What the exercise asks:
Below are records with pictures. Reproduce exactly the lines from the line with "Maple Leaf Village Ferris" to the line with "Lokomotywa wykorzystuje silnik", inclusive, and leave each picture out.

[Opening Records section]

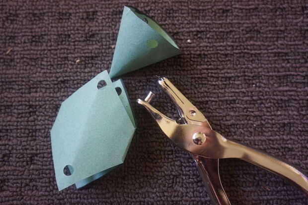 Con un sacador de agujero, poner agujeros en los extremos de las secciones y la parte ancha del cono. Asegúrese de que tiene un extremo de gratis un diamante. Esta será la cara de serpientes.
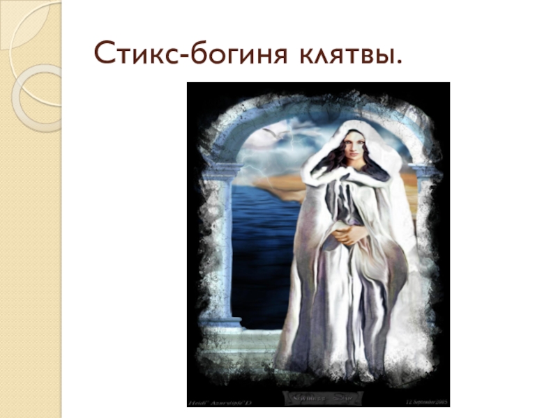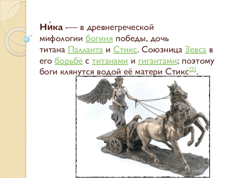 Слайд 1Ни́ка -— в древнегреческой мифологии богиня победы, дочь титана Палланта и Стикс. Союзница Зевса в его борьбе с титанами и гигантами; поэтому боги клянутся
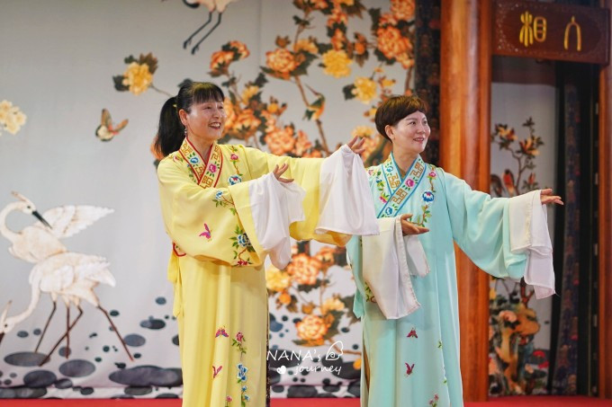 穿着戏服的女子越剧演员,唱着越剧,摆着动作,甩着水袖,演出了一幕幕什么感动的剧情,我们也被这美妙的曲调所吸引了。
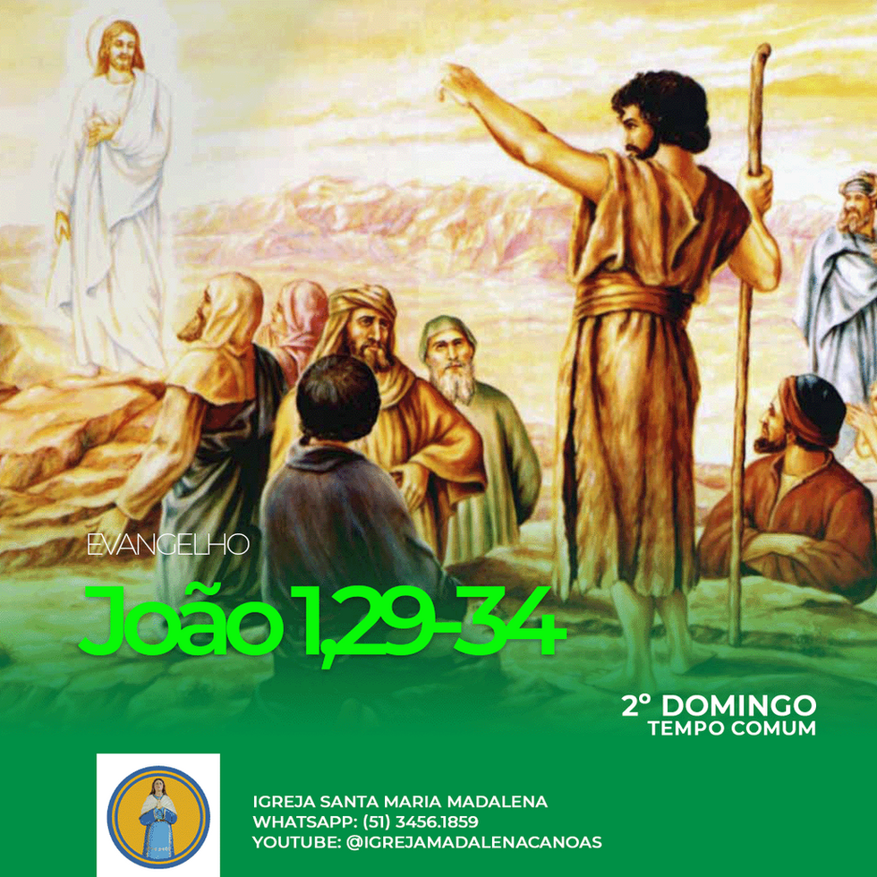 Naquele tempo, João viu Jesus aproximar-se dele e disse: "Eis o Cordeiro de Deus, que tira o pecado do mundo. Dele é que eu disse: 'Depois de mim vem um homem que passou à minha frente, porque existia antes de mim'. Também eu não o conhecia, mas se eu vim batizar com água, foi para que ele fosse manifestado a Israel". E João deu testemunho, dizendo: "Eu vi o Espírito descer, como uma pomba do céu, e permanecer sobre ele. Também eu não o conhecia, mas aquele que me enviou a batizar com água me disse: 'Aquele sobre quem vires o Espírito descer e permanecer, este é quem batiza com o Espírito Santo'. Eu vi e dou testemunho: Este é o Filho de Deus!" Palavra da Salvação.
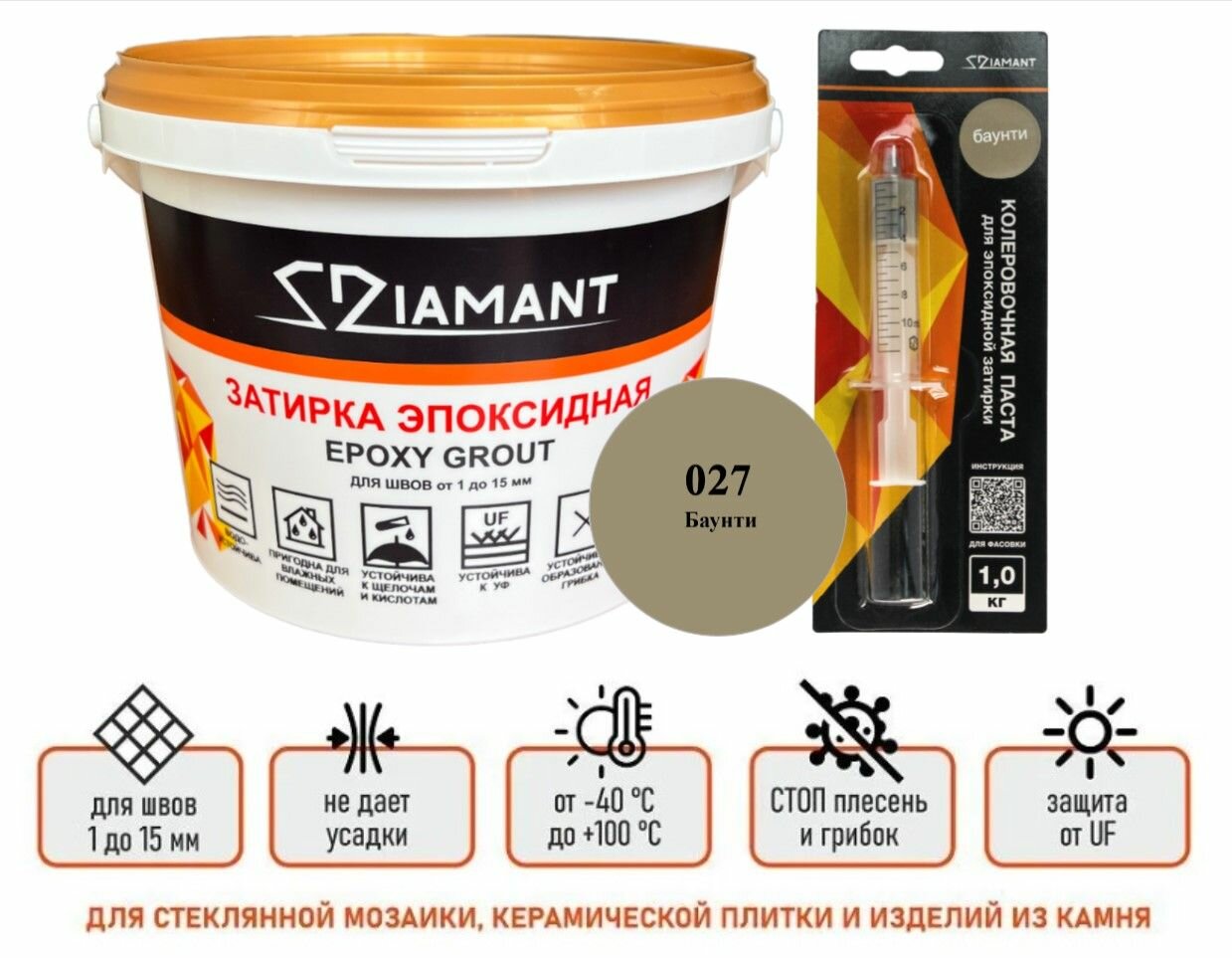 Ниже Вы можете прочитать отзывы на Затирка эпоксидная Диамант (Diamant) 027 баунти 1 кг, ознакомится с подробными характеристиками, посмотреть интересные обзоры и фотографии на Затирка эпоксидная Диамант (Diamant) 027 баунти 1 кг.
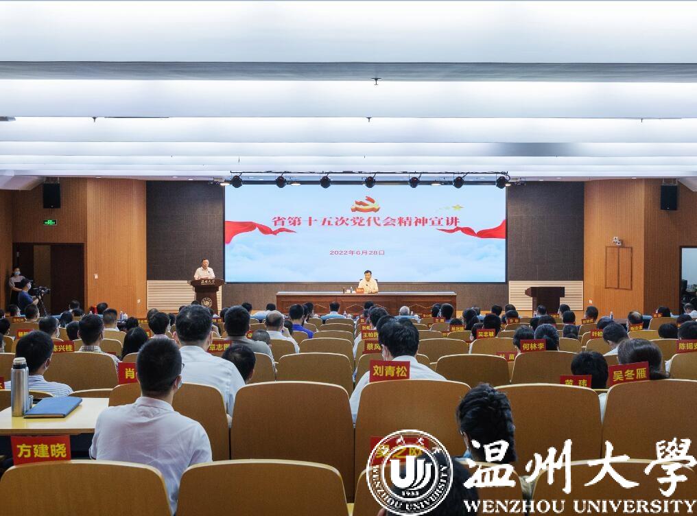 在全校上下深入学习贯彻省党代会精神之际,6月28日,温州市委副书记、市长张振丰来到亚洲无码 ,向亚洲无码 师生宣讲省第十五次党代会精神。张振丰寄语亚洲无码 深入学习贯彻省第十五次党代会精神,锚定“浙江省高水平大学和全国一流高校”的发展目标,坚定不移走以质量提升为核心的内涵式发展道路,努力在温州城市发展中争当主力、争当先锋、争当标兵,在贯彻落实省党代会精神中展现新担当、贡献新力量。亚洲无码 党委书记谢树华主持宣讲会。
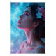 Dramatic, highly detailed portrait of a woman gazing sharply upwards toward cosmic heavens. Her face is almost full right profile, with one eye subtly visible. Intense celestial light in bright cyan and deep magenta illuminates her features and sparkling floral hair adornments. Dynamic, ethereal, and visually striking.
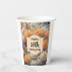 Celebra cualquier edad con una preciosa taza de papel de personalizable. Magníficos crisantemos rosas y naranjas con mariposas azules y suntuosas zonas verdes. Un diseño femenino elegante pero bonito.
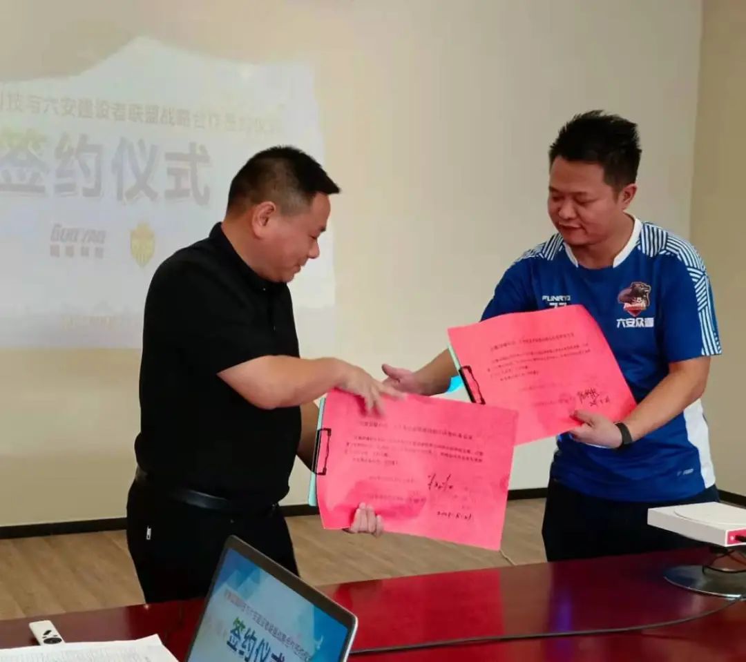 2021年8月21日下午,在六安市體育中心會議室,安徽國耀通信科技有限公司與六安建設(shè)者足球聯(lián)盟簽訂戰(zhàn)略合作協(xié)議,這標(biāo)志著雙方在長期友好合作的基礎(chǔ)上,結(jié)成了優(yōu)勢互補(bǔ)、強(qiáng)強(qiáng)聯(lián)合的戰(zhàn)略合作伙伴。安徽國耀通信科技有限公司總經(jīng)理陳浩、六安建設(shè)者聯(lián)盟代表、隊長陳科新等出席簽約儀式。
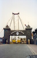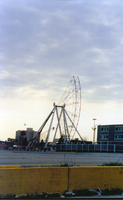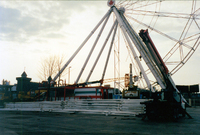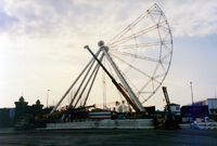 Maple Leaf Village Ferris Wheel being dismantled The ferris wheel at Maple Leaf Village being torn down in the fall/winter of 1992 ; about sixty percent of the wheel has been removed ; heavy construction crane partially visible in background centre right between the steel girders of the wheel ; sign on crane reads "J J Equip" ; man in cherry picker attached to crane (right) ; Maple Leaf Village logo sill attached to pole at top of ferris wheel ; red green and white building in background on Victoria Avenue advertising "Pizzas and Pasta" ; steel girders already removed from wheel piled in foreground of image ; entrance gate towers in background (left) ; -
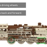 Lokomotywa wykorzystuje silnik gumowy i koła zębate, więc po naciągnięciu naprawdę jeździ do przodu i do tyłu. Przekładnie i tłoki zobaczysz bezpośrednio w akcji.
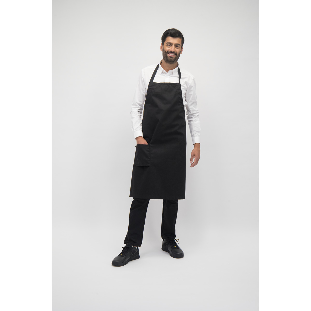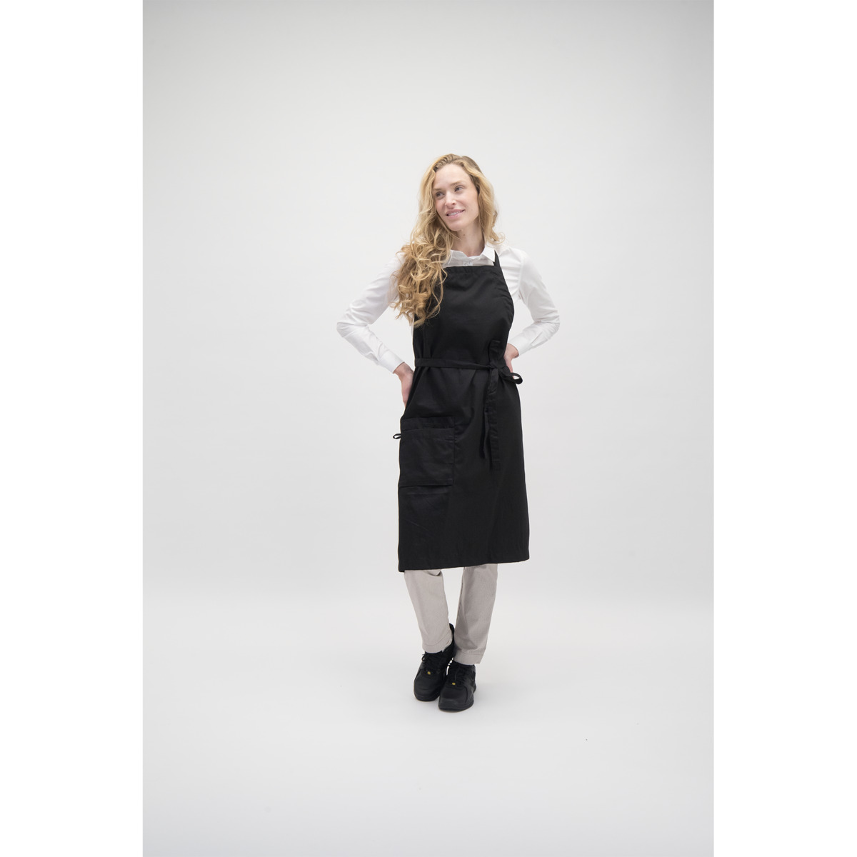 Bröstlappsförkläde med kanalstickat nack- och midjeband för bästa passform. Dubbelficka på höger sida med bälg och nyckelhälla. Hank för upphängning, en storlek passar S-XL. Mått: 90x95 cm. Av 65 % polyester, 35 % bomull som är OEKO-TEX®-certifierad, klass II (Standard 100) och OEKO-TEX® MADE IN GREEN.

[Closing Records section]

Written answer:
 Maple Leaf Village Ferris Wheel being dismantled The ferris wheel at Maple Leaf Village being torn down in the fall/winter of 1992 ; about sixty percent of the wheel has been removed ; heavy construction crane partially visible in background centre right between the steel girders of the wheel ; sign on crane reads "J J Equip" ; man in cherry picker attached to crane (right) ; Maple Leaf Village logo sill attached to pole at top of ferris wheel ; red green and white building in background on Victoria Avenue advertising "Pizzas and Pasta" ; steel girders already removed from wheel piled in foreground of image ; entrance gate towers in background (left) ; -
 Lokomotywa wykorzystuje silnik gumowy i koła zębate, więc po naciągnięciu naprawdę jeździ do przodu i do tyłu. Przekładnie i tłoki zobaczysz bezpośrednio w akcji.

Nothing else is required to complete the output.